In a significant shift for taxpayers, President Donald Trump’s “One Big Beautiful Bill Act,” enacted in July, aims to increase average tax refunds for the 2025 tax season. According to the Tax Foundation, a nonpartisan think tank, taxpayers could see refunds ranging from $300 to $1,000 more than in the previous year when they file their taxes in early 2026.
This uptick in refunds largely stems from the act’s provisions, which eliminate taxes on tips, overtime pay, and auto loan interest, while also expanding deductions for state and local taxes, parents, and seniors aged 65 and older. However, the new rules are complex, filled with various exceptions. A new Schedule 1-A form, which will need to be filled out by all taxpayers, is required to claim these benefits, although it is not currently available.
While many taxpayers stand to benefit from a larger refund, the act’s provisions could also lead to increased national deficit projections. The Congressional Budget Office has indicated that the tax breaks may exacerbate budgetary concerns over the next decade. The act, passed by a Republican-controlled Congress, has been criticized for disproportionately benefiting large corporations and wealthy individuals, all while slashing health care access for low-income and senior citizens. In Oregon, significant tax revenue losses are anticipated, as the state typically aligns its tax policies with federal cuts.
Important considerations are emerging for taxpayers in preparation for filing 2025 taxes. The IRS has yet to announce the official start date for the tax filing season, but Oregon is expected to accept state tax returns on the same day as the federal government. Last year’s start date was January 27. Furthermore, taxpayers will face a transition away from paper checks—refunds will predominantly be issued via direct deposit. Therefore, having a bank account and the correct routing information is essential to avoid delays.

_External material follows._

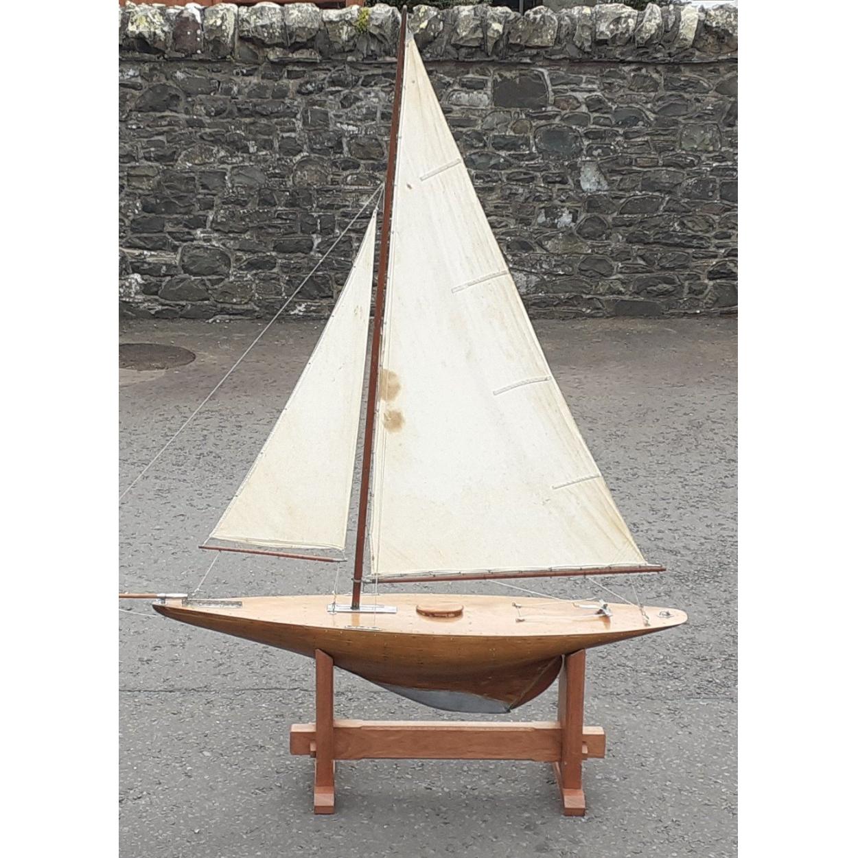 A magnificent large antique pond yacht on bespoke display stand. This beauty is fully rigged and so well made. The mast is 150cm and the whole stands over 2m tall approx with the stand. Some age related staining to the sails but it truly is a stunner!

For 2025, the standard deduction is set to rise by $750 for single filers and married individuals filing separately, totaling $15,750, and by $1,500 for married couples filing jointly, bringing their deduction to $31,500. Additionally, the act introduces significant tax breaks: single filers can exclude taxes on tips up to $25,000, while joint filers can deduct up to $300,000. Overtime income exemptions allow single filers to avoid taxes on up to $12,500 and joint filers on up to $25,000. Taxpayers purchasing new vehicles can also deduct up to $10,000 in auto loan interest, provided they meet specific income qualifications.
The law also permits a much larger deduction for state and local taxes (SALT), increasing to $40,000 from the previous cap of $10,000, available to taxpayers with incomes under $500,000 per year. This change is particularly advantageous for wealthier taxpayers who typically face higher state and local tax burdens. The Child Tax Credit will increase by $200, making it $2,200 per child, while seniors will benefit from a new additional deduction of $6,000 for single filers and $12,000 for married couples, phasing out at higher income thresholds.
Additionally, Oregon taxpayers will receive the fourth-largest kicker refund in state history, designed to return excess state revenue to citizens, but this will only occur after they file their 2025 state taxes and have submitted a 2024 state tax return. Those wishing to determine the amount owed from this kicker can find the necessary tools on the Oregon Department of Revenue’s website.
As taxpayers brace for changes in the upcoming tax season, staying informed about new regulations and filing requirements will be crucial in ensuring they take full advantage of the benefits afforded under the new legislation.